Glenda Biddle

Personal information
- Birth name: Glenda Joy Stirling
- Born: 7 July 1952 (age 72) Auckland, New Zealand
- Height: 1.68 m (5 ft 6 in)
- Weight: 65 kg (143 lb)
- Spouse: Jack Edward Biddle
- Relative(s): Ivor Stirling (father) Ken Stirling (brother) Lorrie Hunter (grandfather)

Sport
- Country: New Zealand
- Sport: Swimming

= Glenda Stirling =

New Zealand swimmer (born 1952)

Glenda Joy Stirling (married name Biddle, born 7 July 1952) is a former New Zealand swimmer who represented her country at the 1968 Summer Olympics and 1970 British Commonwealth Games.

==Early life and family==
Stirling was born in Auckland on 7 July 1952. Her father was Ivor Gerald Stirling and her mother was Joyce Agnes Stirling (née Hunter), a daughter of politician Lorrie Hunter. She married Jack Edward Biddle, and the couple went on to have five children. Her brother, Ken, was a New Zealand rugby league international, as was her father.

==Swimming==
Stirling competed in three events at the 1968 Summer Olympics, reaching the final and finishing eighth in the 100 m backstroke.

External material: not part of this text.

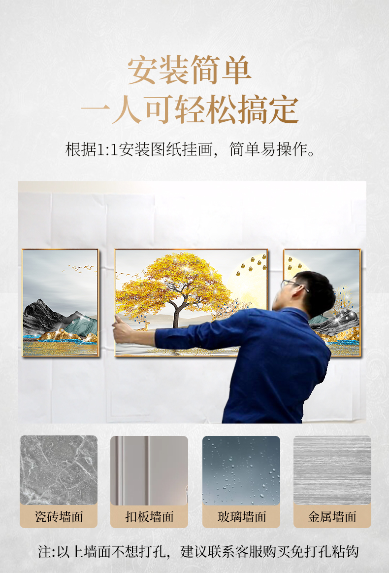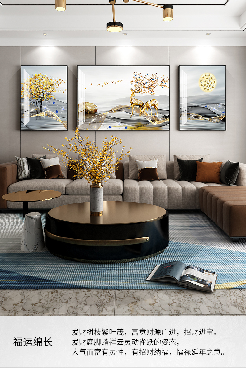 紀恒軟らかい客間の背景壁の装飾画は現代ソファの後ろの壁に掛けられています。軽くて贅沢な高級なダイヤモンドを描いて、磁器の絵を描いて、壁画の三連を動かします。中国式のフリーホールの壁を描いて、福を運びます。黒い枠(晶磁の手作業用のドリル)は50*70+中70*100ぐらいです。(3.5メートルぐらいのソファー)

She also competed in the 200 m backstroke and 4 × 100 m medlay relay, but did not progress beyond the heats. At the 1970 British Commonwealth Games in Edinburgh, she competed in the same three events, finishing fourth in both the 100 m backstroke and 4 × 100 m medlay relay, and sixth in the 200 m backstroke.